Alabama Whitewater

Dry Creek (Short)

  • Run
    Dry Creek (Short)
  • Class
    IV (V-)
  • Put In
    CR 409/ Martling Rd
  • Take Out
    Short (Lake Guntersville)
  • Length (mi)
    2
  • Gradient (fpm)
    220, 160
  • Watershed (mi2)
    7.2
  • Primary Gage
    • Put-In Bridge 0"
  • Indicator Gage

Description

Note: there are a number of whitewater streams in Alabama named Dry Creek. This description provides informaton on the Dry Creek in the Short Creek watershed.

Steep but somewhat forgiving, Dry is indeed dry unless big rain graces the area. Any fast hard rain can bring it up, and not too much volume is needed due to the very narrow streambed. You can't get there too long after the rain stops unless we've had over three inches or so. If Dry is running, you can be semi-confident everything else on Sand Mountain is big. Dry is a fun run that is hard to catch because it drops out so fast.
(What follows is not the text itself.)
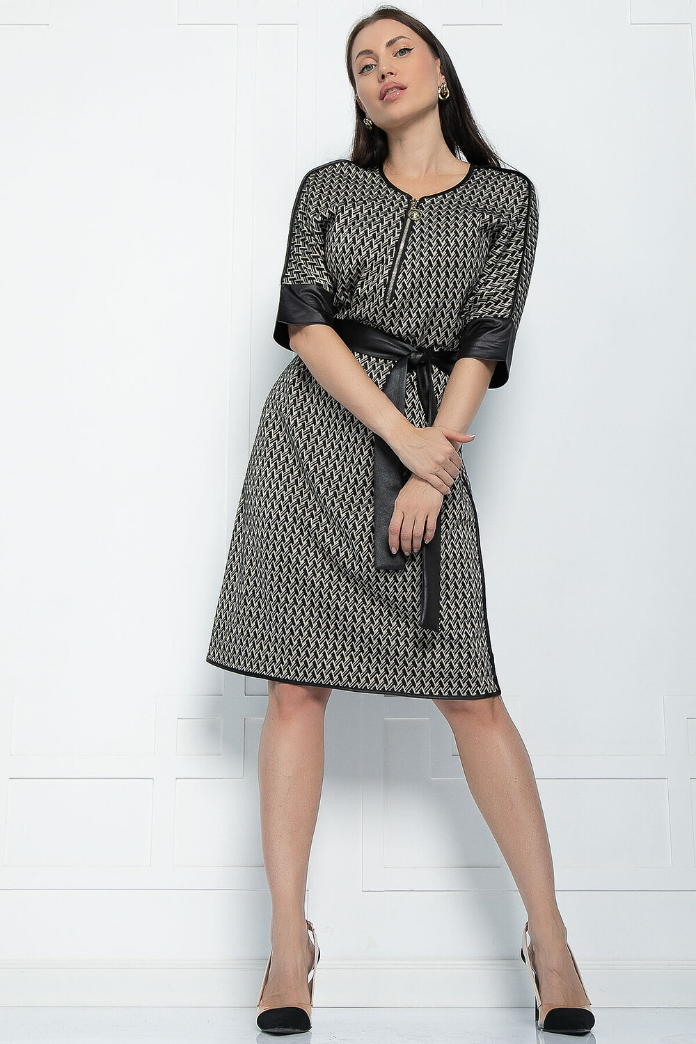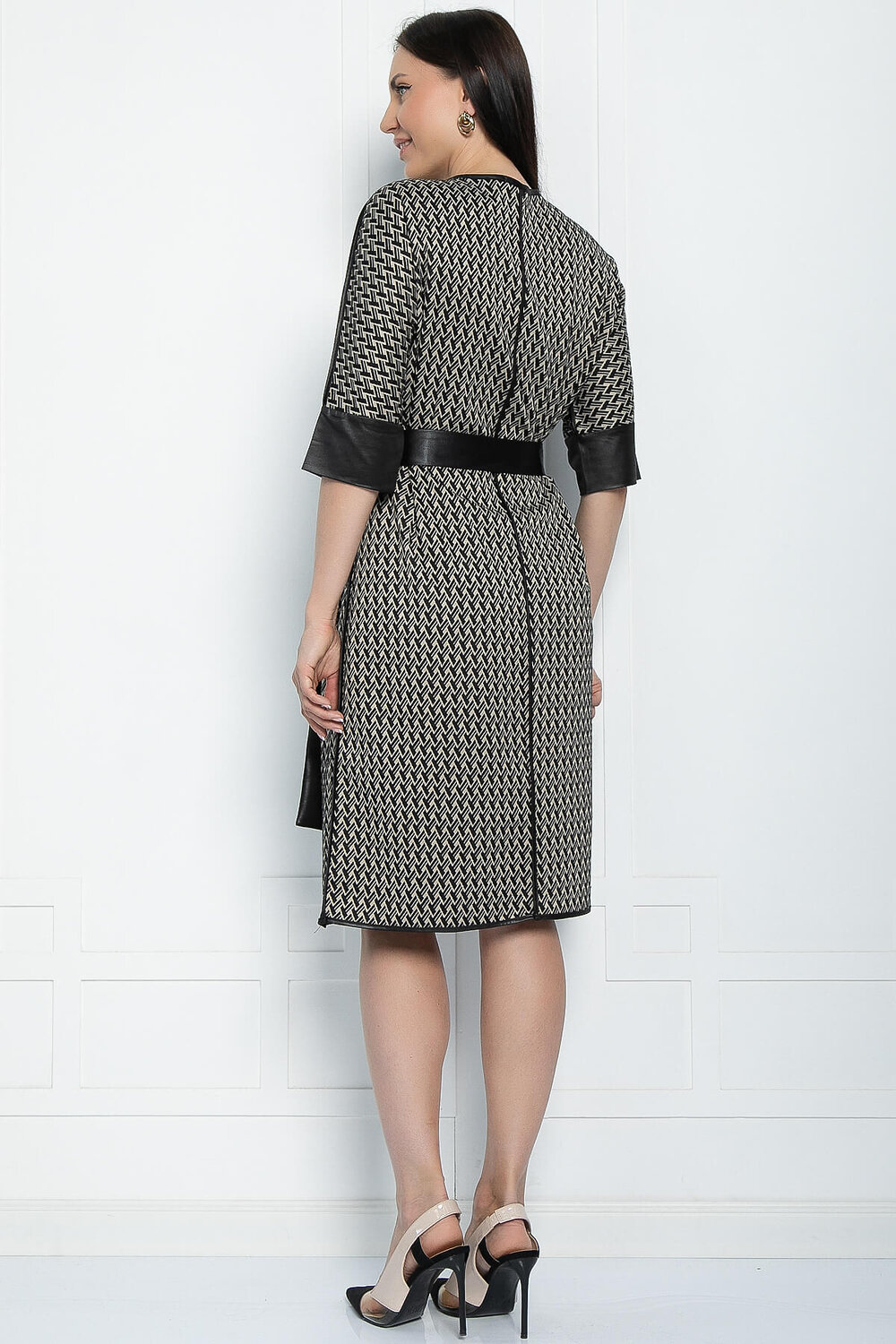Стильное трикотажное платье полуприлегающего силуэта — это удобная и универсальная вещь. Оно подходит для повседневной носки и встреч с подругами. Округлый вырез с V-образным элементом придаёт образу особую изюминку.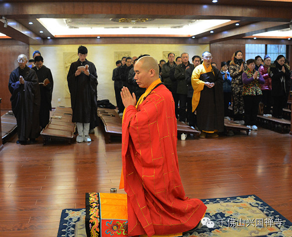 2015年1月14日千佛山兴国禅寺·崇明寺举行首届冬季佛七法会圆满结束,今日,方丈弘庵大和尚亲临道场,为八方净友解七。

Dry is a quality micro-creek that will challenge and excite you without making you dance with the Grim Reaper. It is one of my favorites and was the first steep micro run I ran way back when. Several slides and congested class III+/IV- dominate the run. After the initial bushes, you'll run a shallow and somewhat long slide. Some tight and twisty but pretty easy stuff then follows until you reach the big slide. You will recognize the big slide, I hope. The big slide is at least 40' high total. It is fun. Starting far left and then ending up center seems to work. If you allow yourself to go farther right, you may get some very cool airtime. (Recent trips have found success on the center right line - a shelf extends from the left shore to the center of the drop at the bottom, which either was not present when this guide was written, or is difficult for modern short boats to clear.) Lower water descents have led to serious back pain. A pool is conveniently located at the bottom. Scout or walk on river right.
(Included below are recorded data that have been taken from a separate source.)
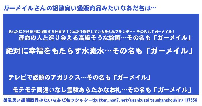 | 意味不明あだ名 | 『永久保存ガーメイル』『自称ガーメイル』 |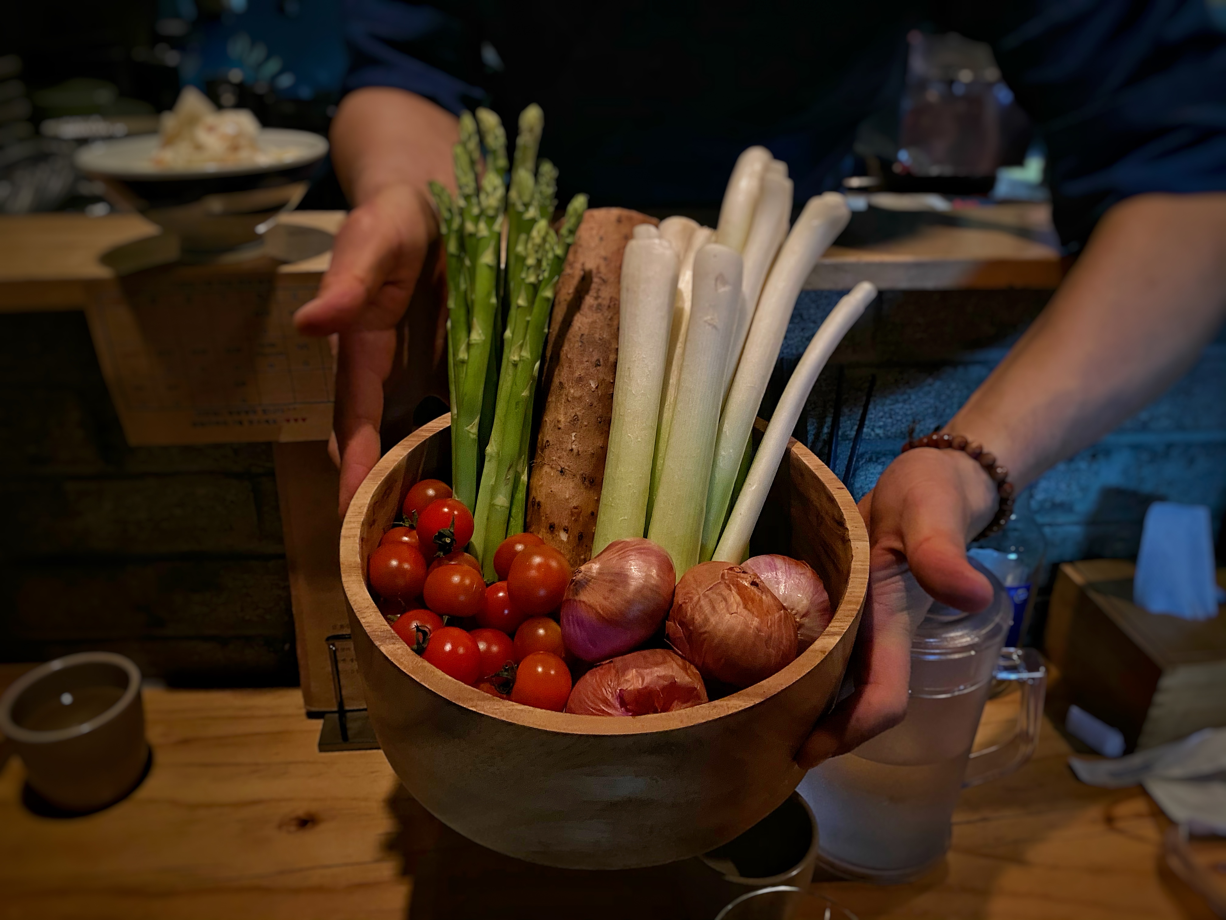 물로 목을 축이고 있으니 나무 통에 담긴 야채를 보여주는데, 한 가지 야채를 선택하면 구이로 해 주겠다고 한다.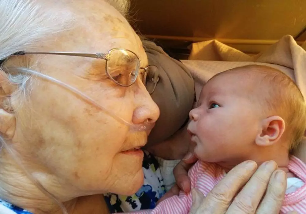 92-летняя женщина впервые видит свою правнучку, которой всего 2 дня от роду.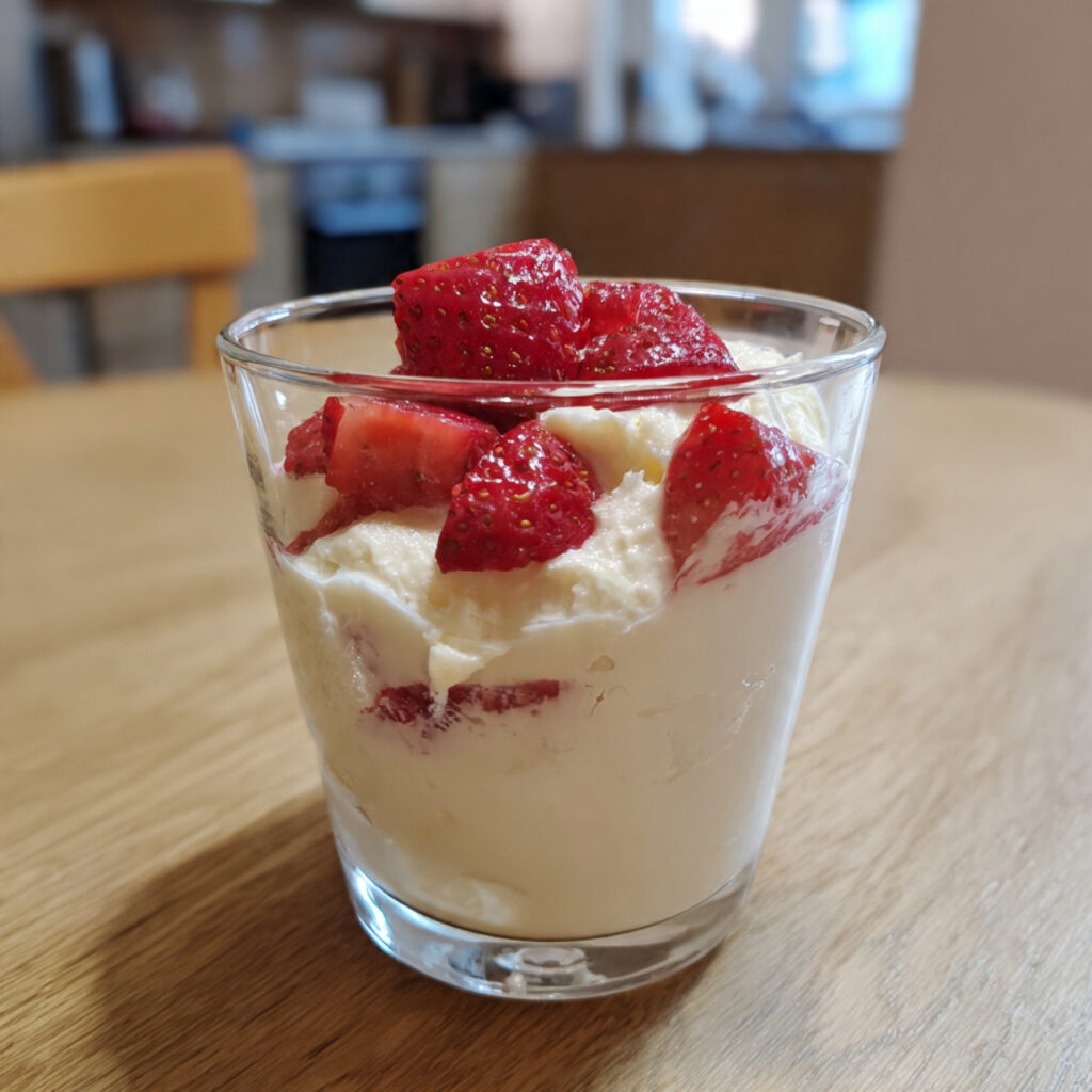 Die Erdbeeren setzen einen intensiven Farbkontrast zur hellen Creme und verleihen dem Dessert optische Frische. Durch das Glas wird die Konsistenz unmittelbar sichtbar: Die Creme ist stabil, nicht fließend, aber dennoch weich – ein Hinweis auf eine gut abgestimmte Bindung und sorgfältige Zubereitung. Kleine Fruchtstücke innerhalb der oberen Cremeschicht lassen erkennen, dass die Erdbeeren nicht nur als Dekoration dienen, sondern bewusst in das Dessert integriert wurden.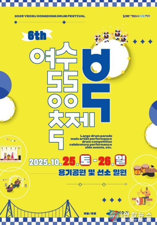 전국연합뉴스 김철환 기자 | 여수시는 오는 10월 25일부터 26일까지 주말 이틀간 선소 및 용기공원 일원에서 ‘2025 여수동동북축제’를 개최한다.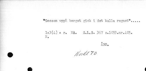 //// "Gossen uppå berget gick i det kalla regnet"..... //// 1:3(A) + r. NA. S.L.S. 367 s.l093.nr.A05. //// N. //// ÅBO. //// .... //// __ ////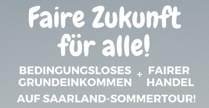 Genau dafür, dass diese wichtige – uns alle betreffende Angelegenheit – vom Europaparlament angemessen behandelt wird, stehen wir bereit, um ab dem 10. Juli 2021 und den Folgeterminen in insgesamt elf Gemeinden im Saarland digitale und analoge Unterschriften für die Europäische Bürgerinitiative (EBI) für ein Bedingungsloses Grundeinkommen (www.ebi-grundeinkommen.de) zu sammeln. Aber da natürlich keine*r etwas unterschreibt, wenn er nicht ganz genau weiß, worum es überhaupt geht, werden wir auch mit ganz viel Energie und guter Laune und spannenden Formaten über das BGE, Fairen Handel und weitere Zukunftsthemen informieren und diskutieren.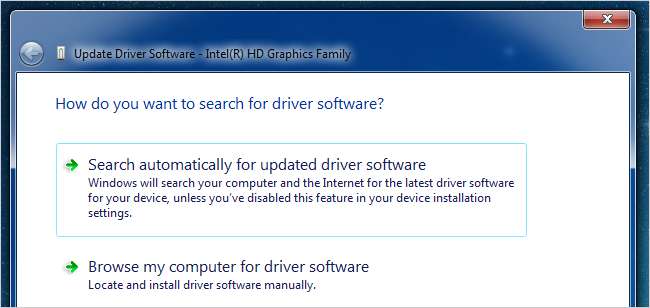 Dette viser en guide, der lader dig enten søge i Windows Update eller din pc efter de nyeste drivere - eller du kan installere driverne manuelt ved hjælp af indstillingen Gennemse.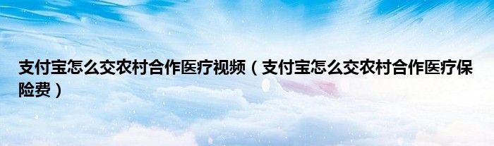 支付宝怎么交农村合作医疗视频(支付宝怎么交农村合作医疗保险费)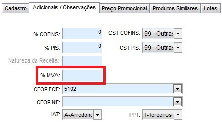 Após ajustar todos os produtos que possuem Substituição Tributária na nota, finalize a mesma e acesse o módulo de Estoque. Neste momento, localize os produtos que foram alterados na sua nota de compra e abra o cadastro dos mesmos. Acesse a aba Adicionais / Observações dentro do cadastro e preencha a % MVA com 0 (zero), clique no OK para gravar o cadastro e faça o mesmo para os demais produtos que serão devolvidos e que foram ajustados anteriormente.

Below the slide the action is tight and constant with small pools and no rapids harder than IV, with one exception. This is a class V- undercut rapid that is often portaged. Just above the V- rapid is a fun slide that pillows up on a big rock on bottom right. Below the V- is a slide, then pyramid rock rapid after a short while. Many other III and IV rapids follow.

Almost all the logs were chopped out of this in 1998, but they have finally returned by early 2009. The lower half of this run needs flossing pretty badly.

A gage has been painted on the downstream side of the river right put-in bridge support. 0" is just above the bottom of a step on that support. 0" would be pretty low but runnable, you might get down it with a shade less. 4-6" is very nice while 12" is high. You can run it higher but you'll tend to wash from one rapid to the next without a chance to consider the tree you are washing under. If it is too high, just wait a few minutes, it'll drop out soon enough.

Details

  • Class
    IV (V-)
  • Gradient (fpm)
    220, 160
  • Length (mi)
    2
  • Watershed Size (mi2)
    7.2
  • Put In
    CR 409/ Martling Rd
  • Take Out
    Short (Lake Guntersville)
  • Shuttle
    CR 409 / Martling Gap Rd. / Rt. 227

Map

No map data avialable.

Trip Reports

Dry Creek (Short)

April 19, 1998

Written by Mark D'Agostino

The main course is served. Dry runs into Short on the Lake. It drops about 380’ over 2 miles. I’ve walked parts of it 4 times, including a brief chainsaw session. Ever since I heard that Jim Pockstaller and Shad Bridge had run it I’ve wanted a piece of it. On April 19 Town was peaking around 2900 cfs, so Barry Hart, Jim Pockstaller, Casey Kyle, and I got a good slice. It was perhaps the second time it had been run, and it certainly has not been run often.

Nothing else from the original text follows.